Dean of the Faculty of Education Professor Ignatius Jimu and Mzuni’s Vice Chancellor Dr. Robert Ridley share the almost similar sentiments in their memories of Tito Banda.

“We will always remember him for his research, publications and scholarly work,” says Jimu.

He adds: “We will cherish his exploits in creative writing and oral literature.”

And more eulogies flow, unceasingly. Tito is, and will never be forgotten.

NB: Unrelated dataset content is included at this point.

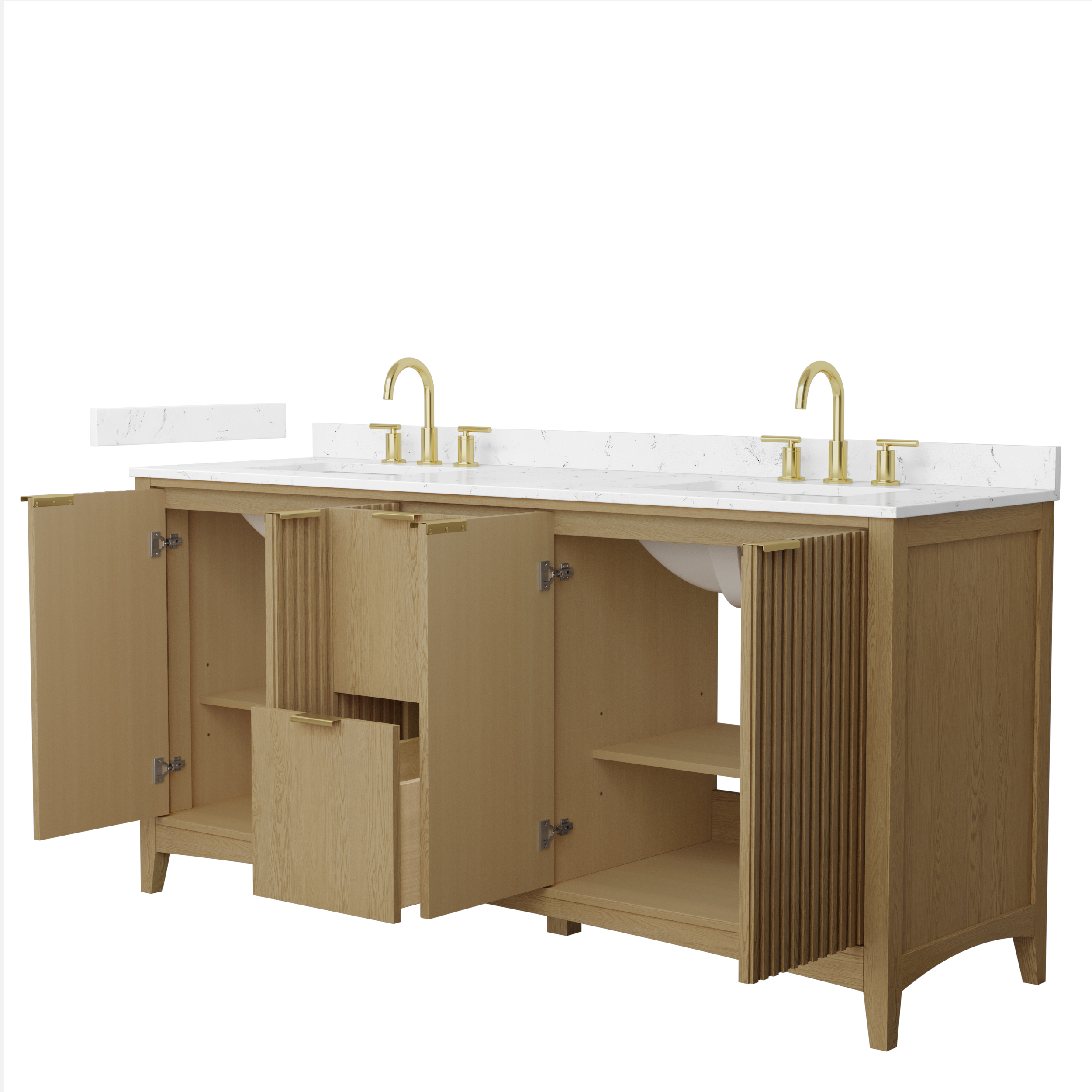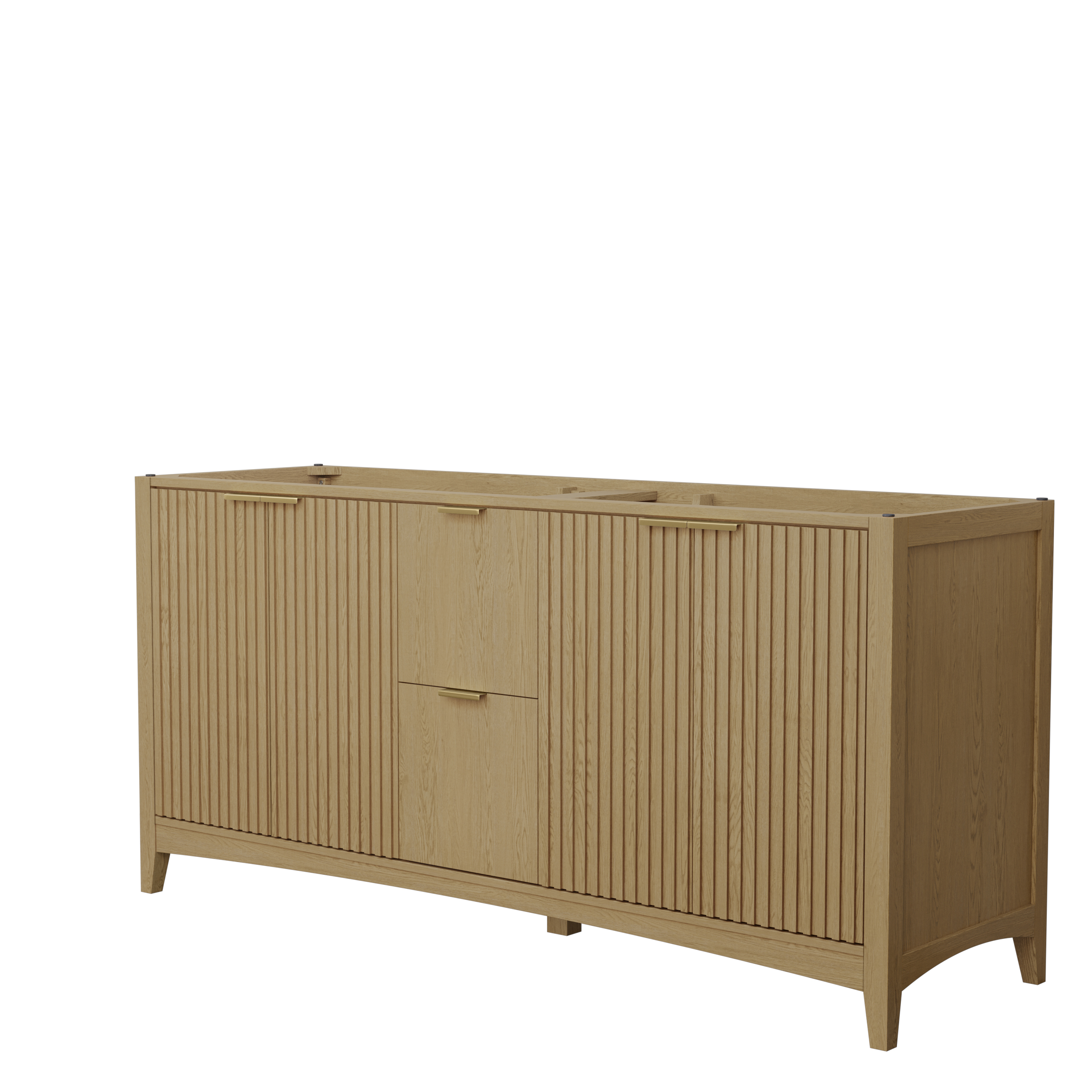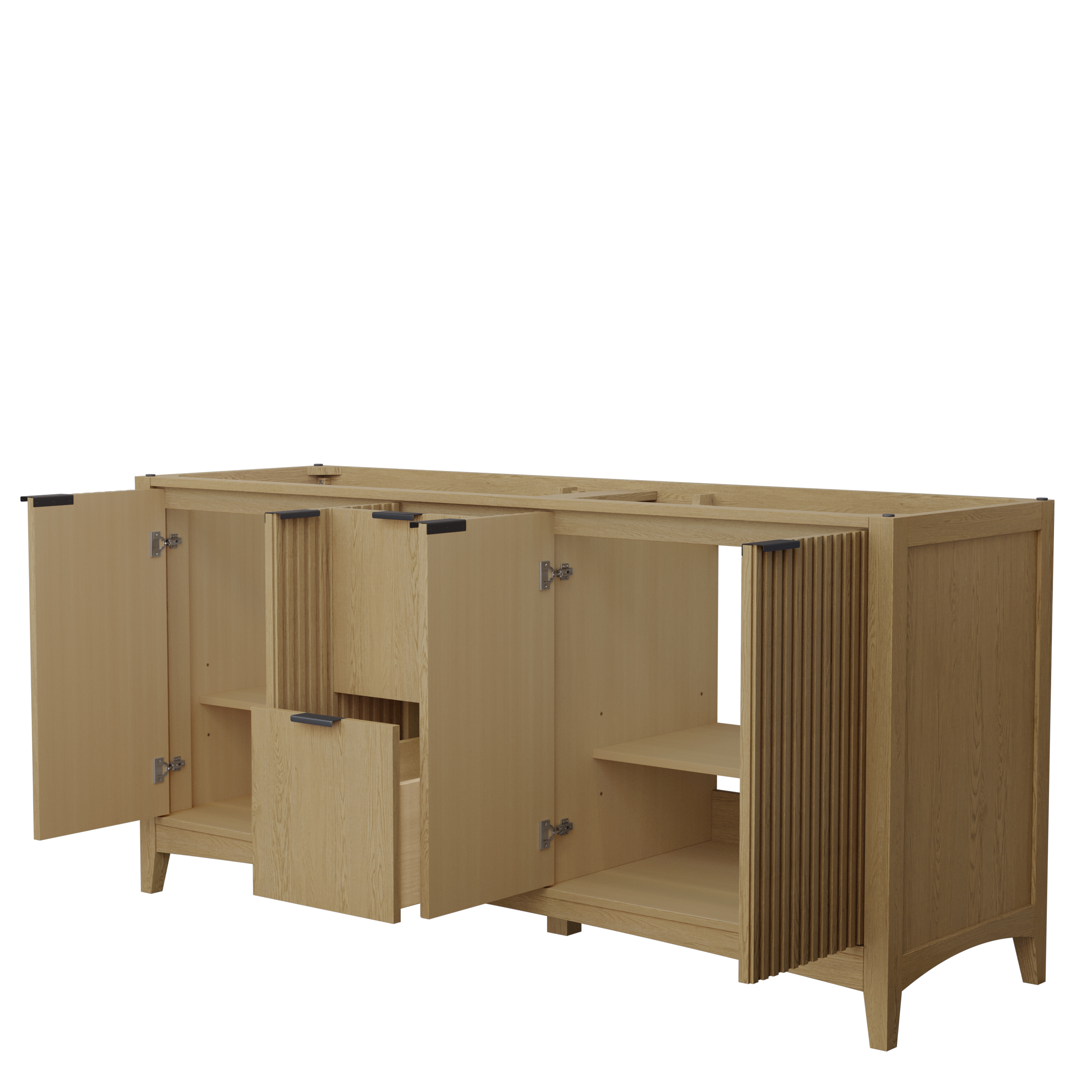 The Palmilla bathroom vanity series seamlessly blends classic European charm with sleek modern design. Crafted from high-quality wood veneers, it features elegant reeded doors that exude timeless sophistication, while minimalist hardware adds a contemporary edge. Soft-close drawers and doors provide a touch of luxury and ensure quiet functionality. Designed with practicality in mind, it boasts ample storage space to keep essentials organized and clutter-free. The spacious countertop offers plenty of room for daily routines, combining functionality with aesthetic appeal. Perfect for elevating any bathroom, this vanity balances old-world grace with clean, contemporary lines to create a truly versatile centerpiece.
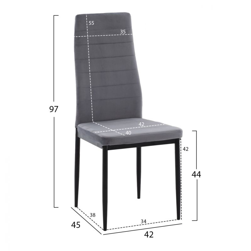 METAL CHAIR HM0037.31 GRAY VELVET WITH METAL FRAME K/D

His spirit lives on.

This writer, who is one of the many people to have benefited from Tito’s expertise in journalism and creative writing, shares his memories thus:

Memories, confusions and fears

 (In memory of Tito Banda)

Your going, Dada Tito, your painful going

Stabbed our hearts like a hot knife

Your death struck like lightening

And sent all of us into emotional paralysis.

Parting is said to be such sweet sorrow. But your going,

That Wednesday afternoon was such a bitter sorrow

Bitter than quinine

Bitter than concoctions from a season African medicine man

Dada Tito, more than three months now, since you closed your eyes

Never to open them again

It seems to us like a bad nightmare. But, unfortunately for us,

No one seems to be waking up.

 

Pumulaninge m’mtende Dada Tito

Pumulaninge M’mtende

 

You were our light, a teacher who doubled as a great parent

Dada Tito you were a talking dictionary,

A walking encyclopedia of literature, creative writing

You were a perfectionist

A man of character, full of humility

An old man who cherished young people with a passion for excellence

A passion to learn, a passion to become the best

Dada Tito you were a star

You still are an inspiration to generations

 

Pumulaninge m’mtende Dada Tito

Pumulaninge m’mtende

 

That Friday on your journey to Chigude

Where you would be laid to rest

We all realized that you were no extraordinary person

But a man who had lived to the fullest as a lecturer, journalist, creative writer,

Folklorist, musician, church elder, husband, father…

You are gone but not forgotten

For we still find solutions when we read your Sekani’s Solution’s

We know it is part of life to be disapproved when we read A Bitter Disapproval

And, of course, we always feel lucky when we read The Luck Charm

 

Pumulaninge m’mtende Dada Tito

Pumulaninge m’mtende

 

 

Like Old Nyaviyuyi yours was a life well performed, well done

That’s why Mourners descended on Chigude from all walks of life

Some on foot, others a variety of limousines

Defying the mud-studded angry road

 

That Friday afternoon

You lay peacefully in that glittering casket

Engulfed by men’s and women’s guilds in white

Forming a sea of angels, epicentred by your body

We all marveled at the spiritual electricity

That hovered over Chigude like a dark cloud

 

Eulogies flowed: the church, the university, friends, and relatives

In particular, Languages and Literature Department cried foul:

Commas, full stops, semi-colons et cetera known as ‘titos’

Shall we no longer behold during moderation

For it was his talent to identify missing, misplacement in exam papers

Who will tito us then NOW that he is gone?

 

Paradoxically, the casket looked beautiful as it got lowered into the graveyard

It harbored Tito on his road to the unknown world

Oh! Our Tito was really gone?

He is really gone?

Grabbed within earshot and eyesight

When we all had thought he would recover

When courses were already allocated to him to resume lectures on 17 March.

Farewell Tito in your eternal bliss!

Till we meet again in the Lord’s bosom!